WE all thought that the globally embarrassing Program of International Student Assessment (PISA) and Trends in International Mathematics and Science Study evaluations on the math, science, and reading and comprehension skills of our 10- and 15-year-olds, plus the World Bank's findings on our learning poverty level, would be the last of the international indictments of our mediocre educational system. The thinking was that this trifecta of bad news was enough, especially for a nation that was once a leading light in Asia's educational sphere. We fervently hoped that after this trifecta, no further indictment, no follow-through report, would come.
Then came another downer. PISA — the same one that reported that our 15-year-olds have been consistently among the global laggards in math, science and reading skills — has conducted another global test, this time on the creative thinking skills of our 15-year-olds. The results, which covered 64 countries, were beyond depressing.
Our 15-year-old junior high school students had a mean score of 14.2, so low that we were lumped in the bottom 4 with Albania, Uzbekistan and Morocco. No East or Southeast Asian country was on the list of dead-enders. Expectedly, our Southeast Asian peer Singapore scored the highest with a mean score of 41, beating the wealthiest Western economies. Imagine we are with Albania, which barely survived as a nation under the 40-year Stalinist rule of Enver Hoxha.
On the day the newspapers carried the story of that new epic fail on the part of the country's educational system, Vice President Sara Duterte, whose educational priorities had not been geared to encourage creative thinking among the young, resigned as secretary of the Department of Education. It was a collective relief to Filipinos who believed that education should be about Mao Xedong's "Let a hundred flowers bloom," plus imparting to children the value of creative thinking instead of Duterte's limited agenda. The vice president — and this was the consensus of education experts — was ill-suited for the education portfolio in the context of a world ruled by the knowledge economy. She is a national leader who viewed the complex, multidimensional and deeply rooted problems of our bankrupt educational system through her Davao City lens.

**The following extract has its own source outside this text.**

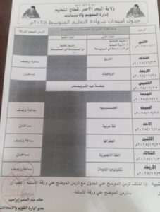 المندرة نيوز تنشر جدول إمتحانات الشهادة المتوسطة بولاية البحر الأحمر

You probably want to ask this question: Is public education — if upgraded from its current state of utter mediocrity — adequate and capable enough to produce the best and the brightest for the knowledge economy? Yes, and that is true universally. The living proof of this is the man who founded the company that is now the world's biggest in terms of market capitalization: Nvidia's Jensen Huang.
A recent story in the New York Times had this brief, catchy lead: "Move over Microsoft and Apple. The stock market has a new king." That new "king" — the world's biggest public company with a market capitalization of $3.34 trillion — is Nvidia.
Huang trained in electrical engineering not in the usual universities attended by the tech pioneers and the current tech lords — the Massachusetts Institute of Technology, Stanford, Harvard and the like — but in the comparatively lesser-known Oregon State University. Huang's obscure public school drilled into him the importance of thinking out of the box, thinking creatively and always being ahead of the curve. Thus, Nvidia, the California-based chipmaking company he founded when Intel ruled the industry, veered away from that market leader's core businesses. Nvidia ventured into making specialized chips, the graphics processing units (GPUs) used by gamers, the path not taken. It was a profitable company but out of the radar of major stockpickers.
That is, until artificial intelligence (AI) arrived, upending how technology works. AI required specialized chips, the GPUs that form the core business of Nvidia. And no company rode the wave and surge of the AI boom better than Nvidia, which now supplies 80 percent of the specialized chips powering AI.
The AI boom ushered in a new chapter in the story of the United States stock market. Nvidia has not just toppled Microsoft and Apple from their traditional roles as market leaders. Nvidia, thanks to Jensen Huang's foresight and creative thinking, engineered the fastest rise in the history of American bourses.
The exit of Duterte from President Ferdinand Marcos Jr.'s Cabinet may have nothing to do with the fresh body blows to our mediocre educational system, but the timing is providential. The Marcos administration is now free to appoint a new education secretary with two attributes: the brightest educational theoretician in the country and the best and most pragmatic implementor of brilliant educational policies.
The next education secretary should be given this marching order: train our own version of Jensen Huang and many more like him. Transform our mediocre, globally embarrassing educational system into the spawning ground of the most creative minds for the knowledge economy.
Reform and upgrade everything from the ground up, from elementary to tertiary education. Our radically transformed educational system may not only produce the Filipino version of Jensen Huang but also two women who have been in the news recently: Claudia Sheinbaum, Mexico's new president who was once part of a climate panel that won a Nobel Prize, and Marlene Engelhorn, the Austrian heir of the BASF fortune, who is teaching the world some great lessons on nobility and selflessness.